→ What is needed
Of the material below, the lines to be retyped are those from the line containing "Cheese Baked Boston" through the line containing "FREDERICK ASHWORTH SIGNED", inclusive; reproduce them exactly.

→ Records shown
..............................
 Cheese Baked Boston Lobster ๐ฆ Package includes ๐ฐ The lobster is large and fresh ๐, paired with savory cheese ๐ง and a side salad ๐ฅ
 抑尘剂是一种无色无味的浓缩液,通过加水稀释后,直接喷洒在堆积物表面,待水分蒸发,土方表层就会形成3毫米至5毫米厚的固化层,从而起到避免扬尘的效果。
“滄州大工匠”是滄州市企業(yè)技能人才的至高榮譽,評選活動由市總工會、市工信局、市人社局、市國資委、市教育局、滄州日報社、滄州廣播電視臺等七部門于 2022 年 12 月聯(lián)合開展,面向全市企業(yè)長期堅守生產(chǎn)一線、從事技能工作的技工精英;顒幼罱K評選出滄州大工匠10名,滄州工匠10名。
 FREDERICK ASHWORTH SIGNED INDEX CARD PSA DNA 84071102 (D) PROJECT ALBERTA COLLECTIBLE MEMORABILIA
..............................
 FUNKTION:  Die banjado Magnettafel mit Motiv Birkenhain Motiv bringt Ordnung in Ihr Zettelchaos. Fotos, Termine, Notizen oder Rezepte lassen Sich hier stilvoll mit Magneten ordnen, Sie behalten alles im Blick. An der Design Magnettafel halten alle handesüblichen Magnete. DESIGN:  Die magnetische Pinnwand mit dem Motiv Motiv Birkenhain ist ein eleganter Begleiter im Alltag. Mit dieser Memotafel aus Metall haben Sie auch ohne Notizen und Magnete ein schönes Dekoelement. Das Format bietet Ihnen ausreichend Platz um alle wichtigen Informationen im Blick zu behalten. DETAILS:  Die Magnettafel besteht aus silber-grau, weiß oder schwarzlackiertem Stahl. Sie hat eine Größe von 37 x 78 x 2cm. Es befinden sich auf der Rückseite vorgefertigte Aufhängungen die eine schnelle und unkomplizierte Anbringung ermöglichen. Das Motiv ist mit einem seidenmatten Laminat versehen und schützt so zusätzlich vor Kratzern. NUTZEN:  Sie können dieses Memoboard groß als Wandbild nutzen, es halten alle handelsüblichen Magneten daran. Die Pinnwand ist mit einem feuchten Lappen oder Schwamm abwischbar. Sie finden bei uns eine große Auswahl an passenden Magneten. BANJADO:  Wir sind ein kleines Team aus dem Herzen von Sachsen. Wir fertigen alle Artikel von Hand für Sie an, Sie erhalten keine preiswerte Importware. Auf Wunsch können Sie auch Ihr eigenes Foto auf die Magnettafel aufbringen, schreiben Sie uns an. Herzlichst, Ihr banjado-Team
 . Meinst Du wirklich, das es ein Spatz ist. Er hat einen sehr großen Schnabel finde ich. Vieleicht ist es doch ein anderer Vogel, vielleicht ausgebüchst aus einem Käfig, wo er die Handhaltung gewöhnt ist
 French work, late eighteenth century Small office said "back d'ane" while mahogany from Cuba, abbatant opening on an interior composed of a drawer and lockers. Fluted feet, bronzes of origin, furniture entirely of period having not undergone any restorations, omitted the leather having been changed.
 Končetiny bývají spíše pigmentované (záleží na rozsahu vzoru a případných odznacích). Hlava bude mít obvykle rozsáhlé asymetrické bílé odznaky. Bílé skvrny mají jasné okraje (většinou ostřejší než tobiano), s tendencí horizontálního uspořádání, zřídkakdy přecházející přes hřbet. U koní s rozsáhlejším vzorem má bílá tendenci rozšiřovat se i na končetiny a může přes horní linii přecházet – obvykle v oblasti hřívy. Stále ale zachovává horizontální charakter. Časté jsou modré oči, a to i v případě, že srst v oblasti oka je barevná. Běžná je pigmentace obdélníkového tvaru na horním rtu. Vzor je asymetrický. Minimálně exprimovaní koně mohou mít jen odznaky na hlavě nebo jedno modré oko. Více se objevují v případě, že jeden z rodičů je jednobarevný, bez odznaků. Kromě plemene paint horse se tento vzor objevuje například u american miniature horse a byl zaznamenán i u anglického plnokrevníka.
..............................
→ Written solution
 Cheese Baked Boston Lobster ๐ฆ Package includes ๐ฐ The lobster is large and fresh ๐, paired with savory cheese ๐ง and a side salad ๐ฅ
 抑尘剂是一种无色无味的浓缩液,通过加水稀释后,直接喷洒在堆积物表面,待水分蒸发,土方表层就会形成3毫米至5毫米厚的固化层,从而起到避免扬尘的效果。
“滄州大工匠”是滄州市企業(yè)技能人才的至高榮譽,評選活動由市總工會、市工信局、市人社局、市國資委、市教育局、滄州日報社、滄州廣播電視臺等七部門于 2022 年 12 月聯(lián)合開展,面向全市企業(yè)長期堅守生產(chǎn)一線、從事技能工作的技工精英;顒幼罱K評選出滄州大工匠10名,滄州工匠10名。
 FREDERICK ASHWORTH SIGNED INDEX CARD PSA DNA 84071102 (D) PROJECT ALBERTA COLLECTIBLE MEMORABILIA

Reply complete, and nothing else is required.